Editorial, par Daniel Stoecklin, 17 décembre 2014 -cide-

> Le prix Nobel de la paix 2014 décerné à la jeune pakistanaise Malala Yousafzai pour son combat en faveur de l'éducation pour les filles et à l'Indien Kailash Satyarthi pour sa lutte contre l'exploitation au travail des enfants récompense aussi symboliquement tous les défenseurs des droits de l'enfant et leur engagement sans relâche pour que soit mieux respectée la Convention relative aux Droits de l'Enfant (CDE) dans le monde. Cet engagement peut être direct et pratique, mais aussi indirect et théorique, à travers l'information et la formation aux droits de l'enfant. Les droits de l'enfant s'articulent toujours avec des devoirs. Ce que le prix Nobel souligne indirectement c'est aussi notre devoir d'éducation. L'accès à l'éducation n'est pas tout, encore faut-il définir la forme que cette éducation doit prendre.

> Dans la conférence magistrale intitulée « Droits de l'enfant et devoir d'éducation » que Philippe Meirieu (Université Lumière, Lyon) a donné le 20 novembre à Genève dans le cadre de la célébration du 25ème anniversaire de la CDE, le spécialiste de pédagogie a remarquablement montré que les droits de l'enfant sont en étroite articulation avec notre devoir d'éducation. Car l'éducation est la formation du sujet, et c'est elle qui permet d'actualiser les droits-libertés, comme la liberté d'expression (art. 13 CDE) ou le droit d'être entendu (art. 12 CDE). Or, toute formation implique une certaine contrainte. Entre autres pédagogues modernes, Janusz Korczak a parlé de la « belle contrainte », qui n'est pas l'ennemi de la liberté d'expression mais bien au contraire sa condition. C'est en effet la contrainte, l'effort à faire pour surmonter un obstacle, qui permet l'émergence de la pensée et la construction de la liberté.

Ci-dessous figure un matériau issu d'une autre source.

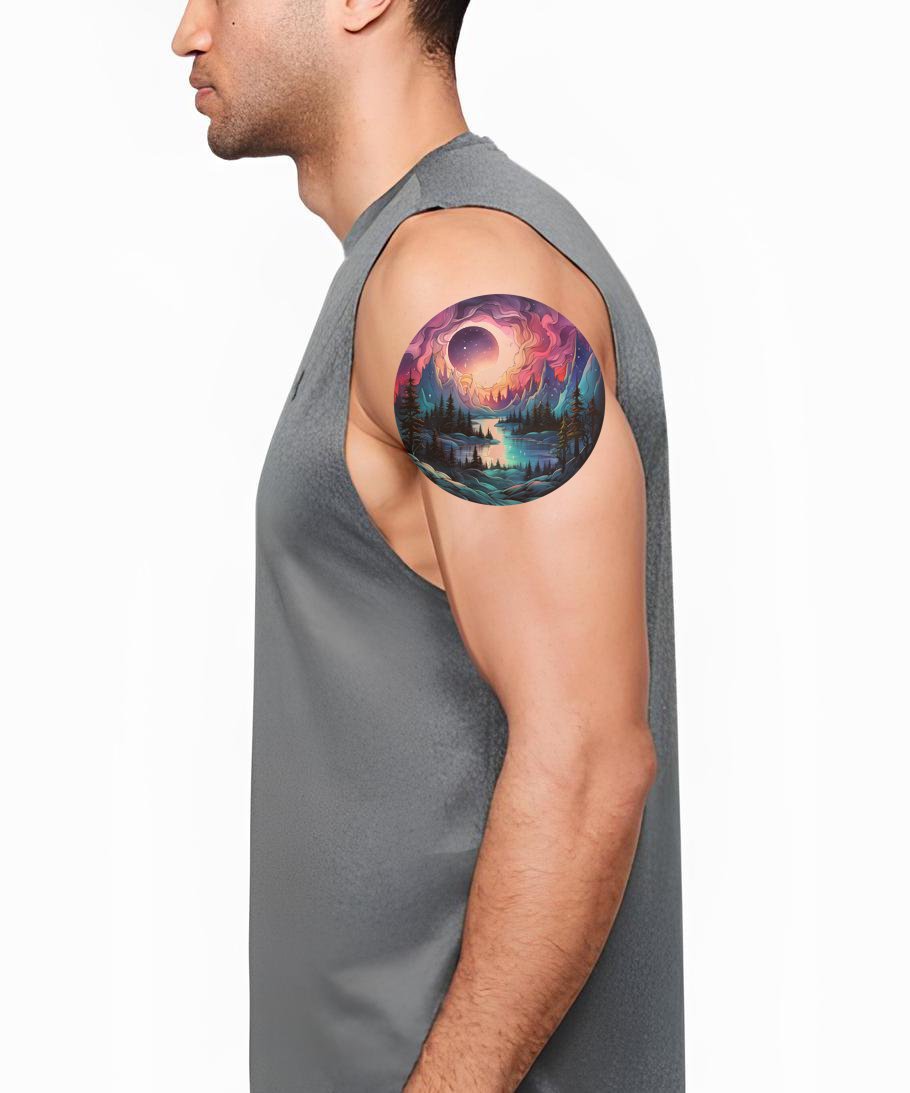 体验极光的震撼美丽,印在你的肌肤上,这款迷幻的几何纹身设计。展现出巍峨的山脉、茂密的松树和迷人的北极光,全部封装在独特的圆形中。每次佩戴都令人眼花缭乱,同时表达你对自然奇观的热爱。
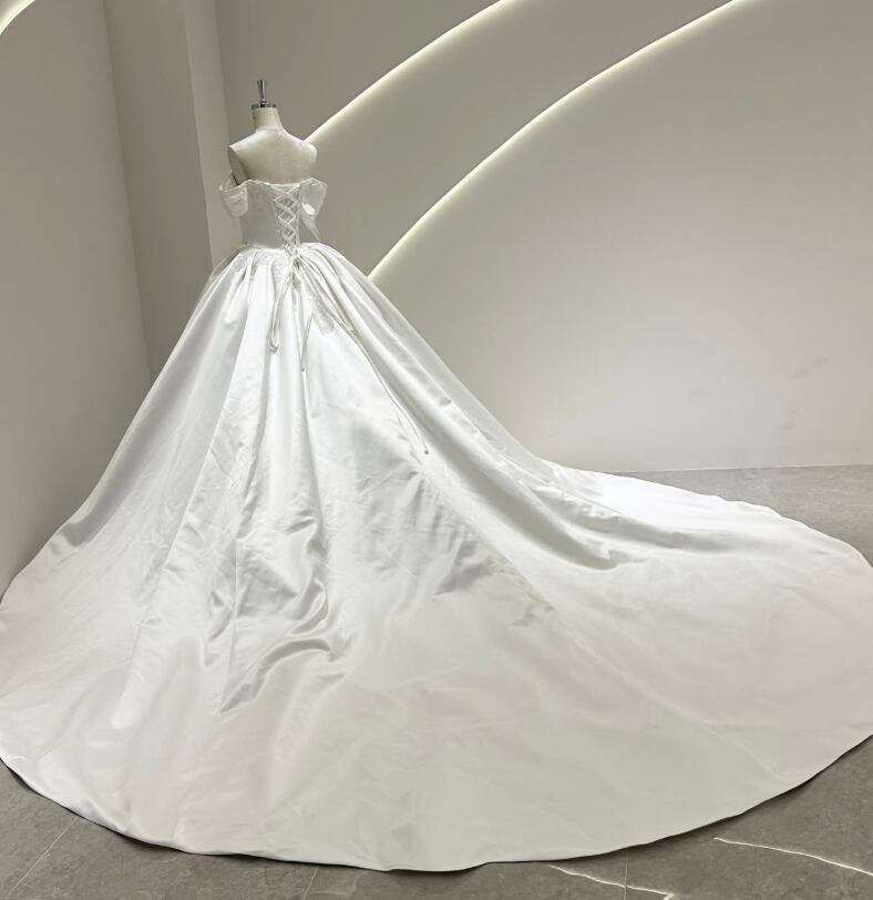 ウエディングドレス オフホワイト オフショルダー 編み上げ 韓国風ドレス 光沢サテン 華やかなトレーン 結婚式

> Cette réflexion sur la « contrainte » appropriée dans l'éducation des enfants permet de souligner que les droits de l'enfant ne sont pas pour l'élimination de toute contrainte pour les enfants. L'éducation pour tous et l'élimination de l'exploitation au travail, qui sont les luttes qui viennent d'être récompensées par le prix Nobel, ne sont pas des projets pour l'émergence de « l'enfant-roi ». Au contraire, l'engagement pour les droits de l'enfant, que ce soit au niveau pratique ou académique, s'ancre dans une haute exigence envers soi-même et les autres : savoir fixer des limites appropriées. Des précurseurs des droits de l'enfant à ses plus éminents représentants actuels, cette exigence traverse tout le mouvement.

> Le prix Nobel qui vient d'être décerné est comme un hommage à une conception équilibrée des droits humains, qui relie droits et devoirs. Espérons que cette haute distinction contribuera au développement d'une éducation basée sur la relation entre droits et devoirs, cette relation étant au fondement de toute civilisation. On devrait voir une école comme civilisée seulement si elle intègre les droits de l'enfant aux devoirs de l'élève.